Darkly, at the moment.
The lifted layer of cotton wool was blocking the beam of light.
I held up the cotton wool with one hand now, as if it were a second lid.
I took up the flashlight with my other hand and shined it into the tin box.
The clock was there. Ticking away. The stick of dynamite was there.
The wires from clock to dynamite were missing.
The two objects lay in the tin box utterly separate.
I flipped the flashlight beam toward the bottom edge of the layer of cotton wool, my mind lunging forward to figure out how to reattach the wires, how to make this work.
But there were no wires. No wires at all.
I flipped the beam back to the dynamite.
The blasting cap was also missing.
Jeremy’s exact words about the bomb slithered through me: I wish we didn’t have to trust it.
After the bomb I planted failed to explode and the Zeppelin flew on successfully to London, he wanted me to blame the device.
But it was him. Erich Müller.
57
I sat back on my heels.
I wanted to figure him out.
But I didn’t have time.
I was down to my last fifteen minutes or so before I’d have to get off the Zepp.
I had no bomb.
I thought: I’m sitting inside one. I was surrounded by two million cubic feet of explosively flammable hydrogen.
But how could I both detonate it and escape it? Especially since the explosion would also instantly release a tempest of poison gas.
Was I ready to die for tonight’s theater crowd in London?
A reflex voice in me cried yes. Faintly though, coming through a welter in my head. I knew the answer would be louder and clearer if it was Broadway. If it was my own country. Or if my mother was playing Hamlet at the Duke of York’s.
But I had to believe that even tonight I’d be dying for more.

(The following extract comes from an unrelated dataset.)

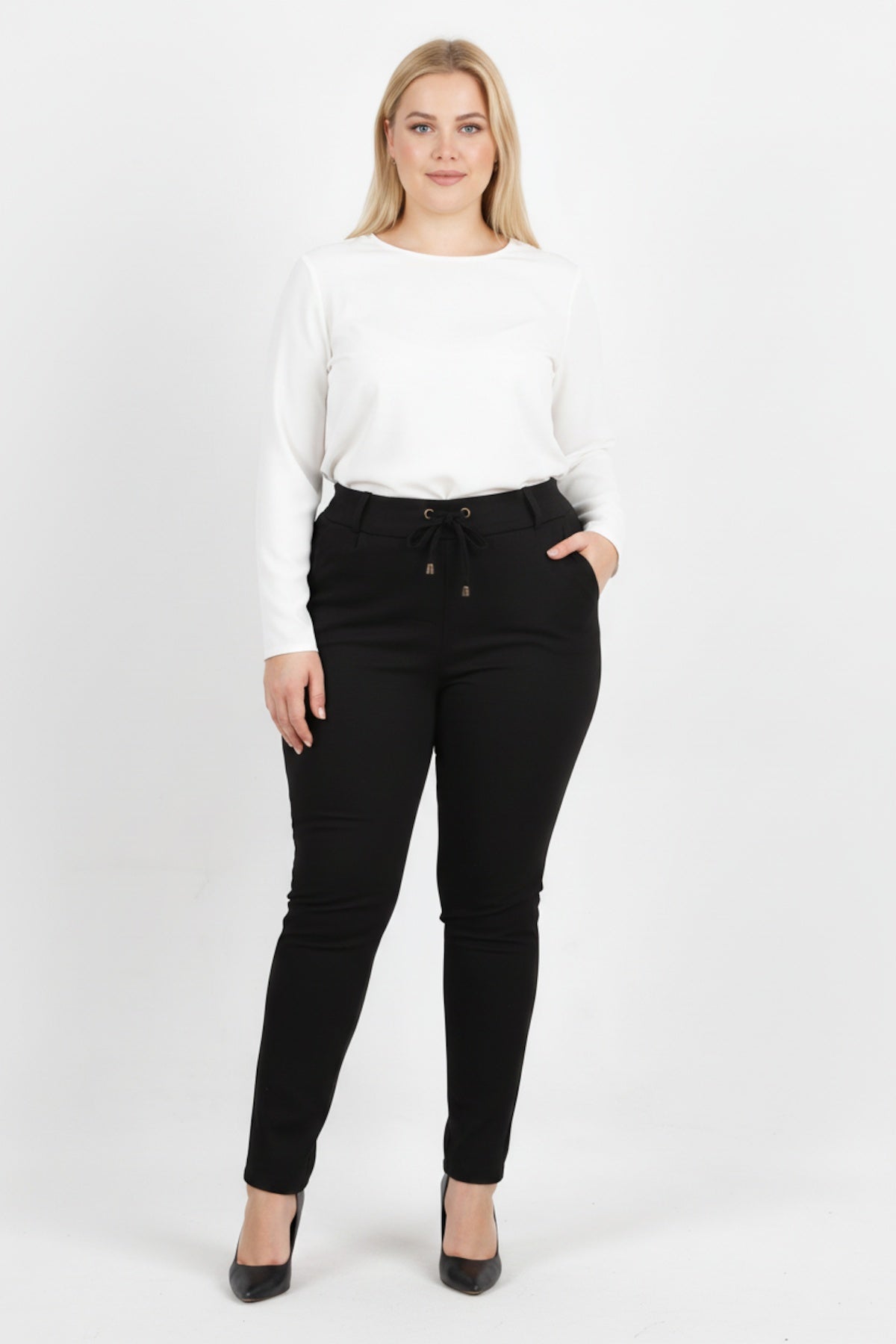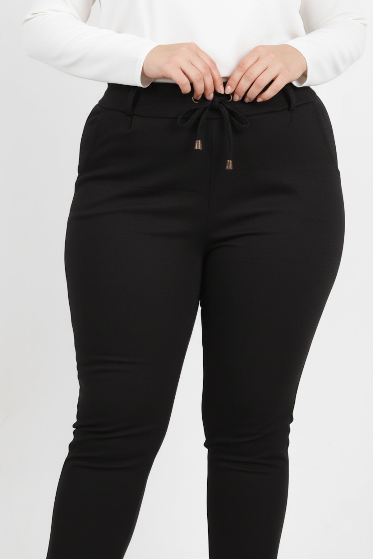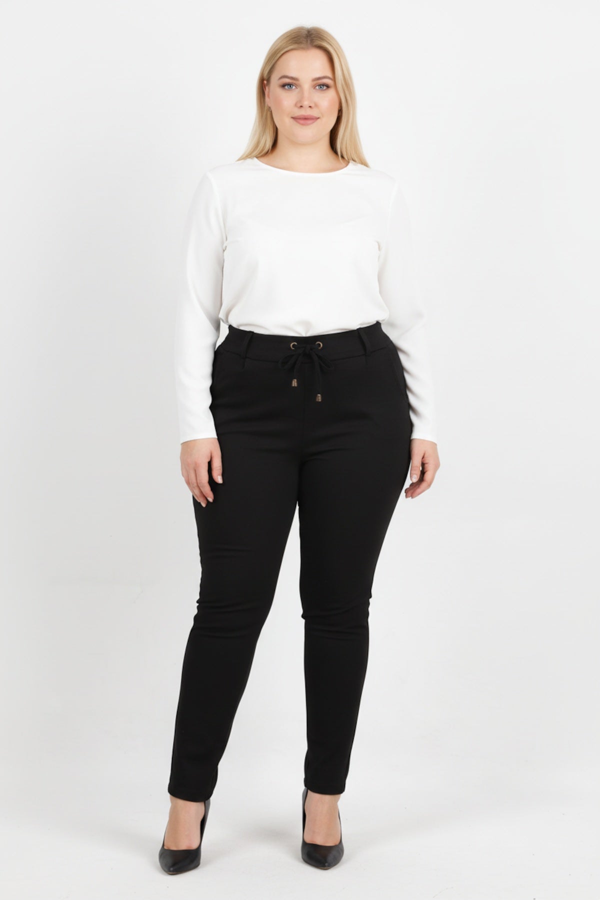 Büyük Beden Arka Bel Lastikli Pantolon Siyah

I’d die for a chance at exposing and discrediting poison aerial attacks themselves.
Seemed like a good cause.
But no. I wasn’t ready for that. Not the dying part.

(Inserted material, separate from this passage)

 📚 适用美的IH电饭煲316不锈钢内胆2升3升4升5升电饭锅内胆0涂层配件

I had to work hard now to try to have it both ways.
Which made me think of Albert’s plan.
His parachute.
I had a way to survive if I could figure out how to blow up the LZ 78 while it was in the air.
But the how had to include a long enough fuse.
First things first.
A few hours before takeoff, Dettmer had a man subtracted from his ship. For this, he’d be thinking to take things on board—compensating ballast—not off. Maybe that’s why the parachute was still sitting there. But I couldn’t depend on it remaining. I needed to secure the parachute.
I stood up and closed the lid on the tin box and picked it up with me. As if it were still useful. Without something to serve as a blasting cap, the dynamite wouldn’t blow. Not till the airship did. Still, by reflex, I kept the box. I had few enough resources. It was all I had. Something might come to mind.
I opened the dispatch case and slid it back in.
I shined my light and strode forward.
At least for now I could get around the ship without anyone’s close scrutiny. A Zeppelin had a crew of about twenty. At least half of them were mechanics. They were all with the engines. More than half the rest were presently in the command gondola. Everybody on board had a focused task. That would probably last till the ship was airborne.
A footlight shone ahead.
The hatch was still open.
I arrived.
No one was around.
I took the parachute from the shelf. It was heavy, a good thirty pounds. I put it under my arm.
I skirted the hatch on the walkway and walked forward, keenly aware of the distance I was covering, my distance from the parachute launching hooks and the hatch.
I was instinctively heading for the place I’d targeted when I still thought I had a time bomb: the run of tanks piping fuel forward and downward to the engine compartment of the command gondola.
That was still a volatile spot.
And it was only about a third-base-to-home sprint to the hatch.
I arrived at the fuel tanks and shined my light on them.
I lifted the light to the bloated clouds of hydrogen bags hovering overhead.
I looked back toward the hatch, a distant glow.
And back to the bags.
Gas.
A flame burning low and gas leaking in. The pace of the gas could provide its own fuse.